(SUPPLIED RECORDS Opens)

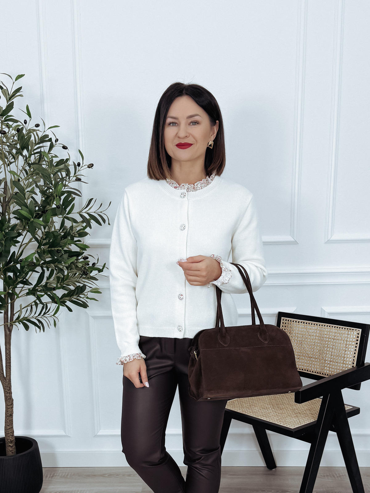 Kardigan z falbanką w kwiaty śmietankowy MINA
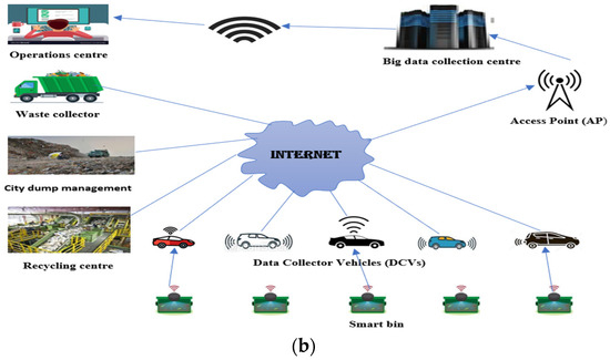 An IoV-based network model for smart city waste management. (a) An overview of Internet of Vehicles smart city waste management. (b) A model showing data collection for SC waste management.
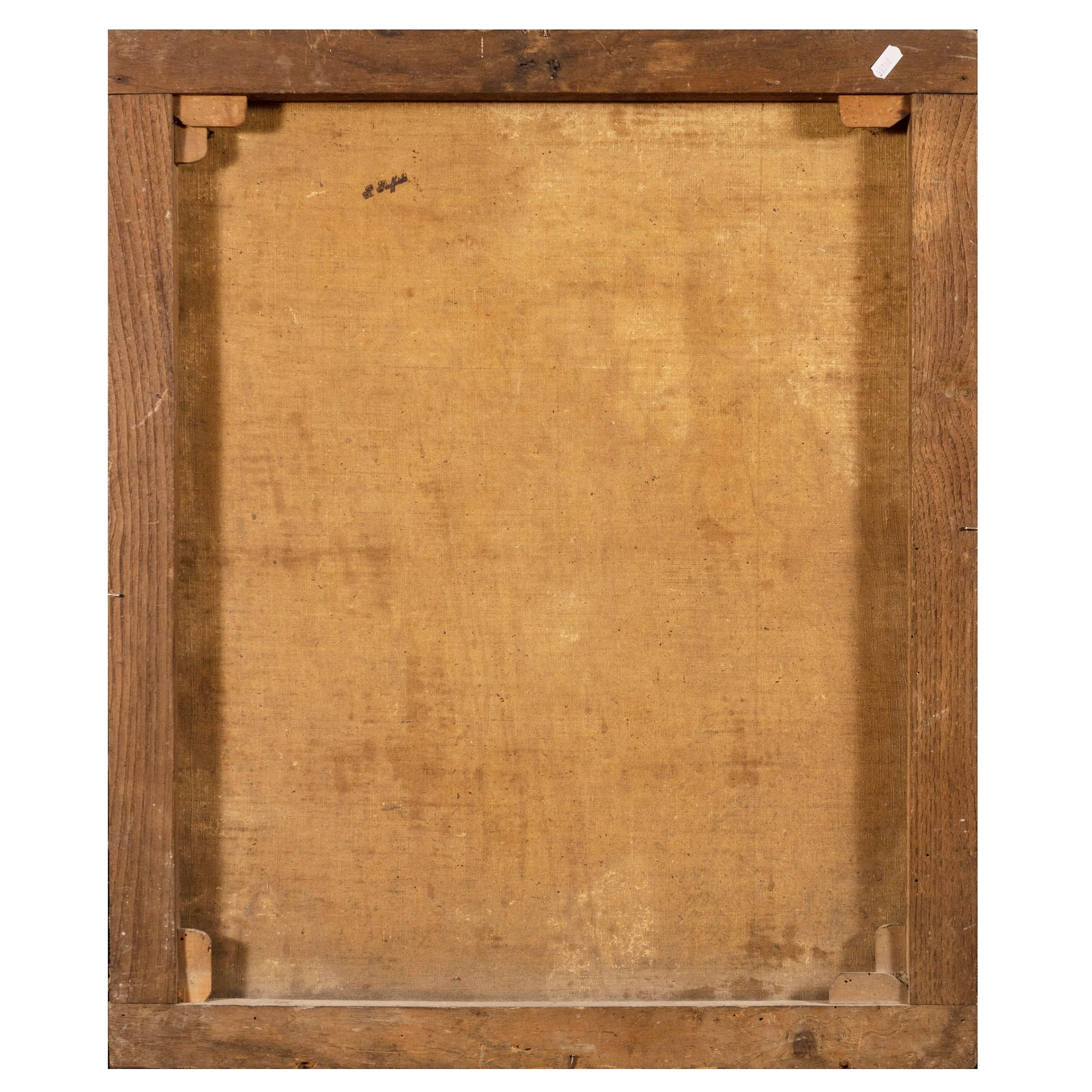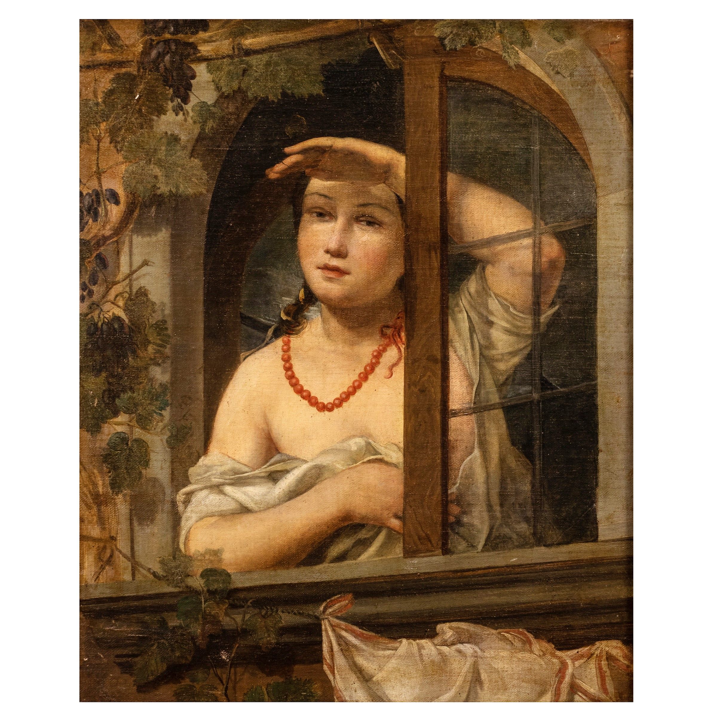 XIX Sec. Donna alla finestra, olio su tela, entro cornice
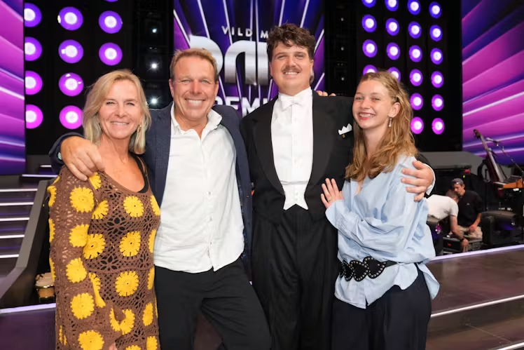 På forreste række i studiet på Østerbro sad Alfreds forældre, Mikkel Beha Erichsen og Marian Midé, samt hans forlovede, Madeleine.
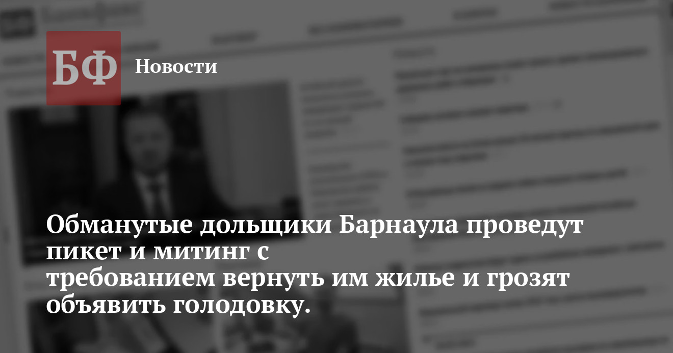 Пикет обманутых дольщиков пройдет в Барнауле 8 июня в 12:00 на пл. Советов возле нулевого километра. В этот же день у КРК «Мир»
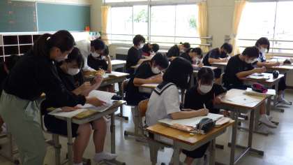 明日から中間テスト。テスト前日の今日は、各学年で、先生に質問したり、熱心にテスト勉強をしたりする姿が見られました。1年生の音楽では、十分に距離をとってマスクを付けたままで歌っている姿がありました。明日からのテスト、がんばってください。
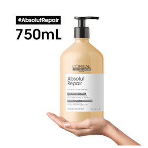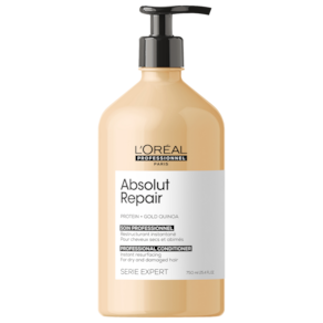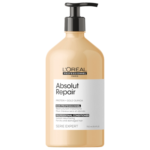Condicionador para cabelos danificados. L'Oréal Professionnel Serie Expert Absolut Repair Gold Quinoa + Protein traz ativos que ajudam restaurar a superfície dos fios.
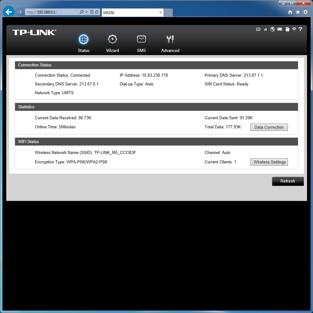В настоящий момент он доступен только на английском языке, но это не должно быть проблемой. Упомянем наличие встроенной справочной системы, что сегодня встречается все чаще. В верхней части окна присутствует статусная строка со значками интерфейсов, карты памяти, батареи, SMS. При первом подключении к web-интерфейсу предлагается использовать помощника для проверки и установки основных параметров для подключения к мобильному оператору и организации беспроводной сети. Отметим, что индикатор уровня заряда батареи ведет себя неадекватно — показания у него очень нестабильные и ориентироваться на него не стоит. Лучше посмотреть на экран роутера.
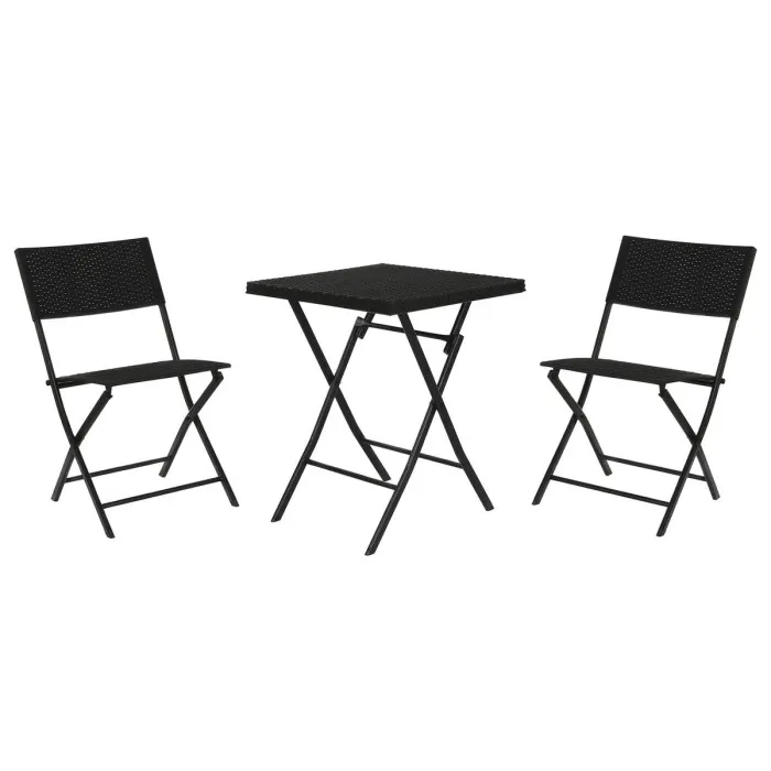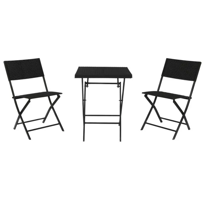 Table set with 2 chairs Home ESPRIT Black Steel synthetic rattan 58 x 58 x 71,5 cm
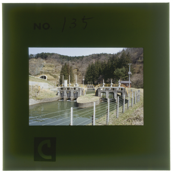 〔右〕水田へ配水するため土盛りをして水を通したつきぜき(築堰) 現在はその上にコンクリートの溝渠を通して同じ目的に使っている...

(SUPPLIED RECORDS Closes)

Everything from the line holding "В настоящий момент" to the close of the records should be written out exactly, both ends included, with pictures omitted.

В настоящий момент он доступен только на английском языке, но это не должно быть проблемой. Упомянем наличие встроенной справочной системы, что сегодня встречается все чаще. В верхней части окна присутствует статусная строка со значками интерфейсов, карты памяти, батареи, SMS. При первом подключении к web-интерфейсу предлагается использовать помощника для проверки и установки основных параметров для подключения к мобильному оператору и организации беспроводной сети. Отметим, что индикатор уровня заряда батареи ведет себя неадекватно — показания у него очень нестабильные и ориентироваться на него не стоит. Лучше посмотреть на экран роутера.
 Table set with 2 chairs Home ESPRIT Black Steel synthetic rattan 58 x 58 x 71,5 cm
 〔右〕水田へ配水するため土盛りをして水を通したつきぜき(築堰) 現在はその上にコンクリートの溝渠を通して同じ目的に使っている...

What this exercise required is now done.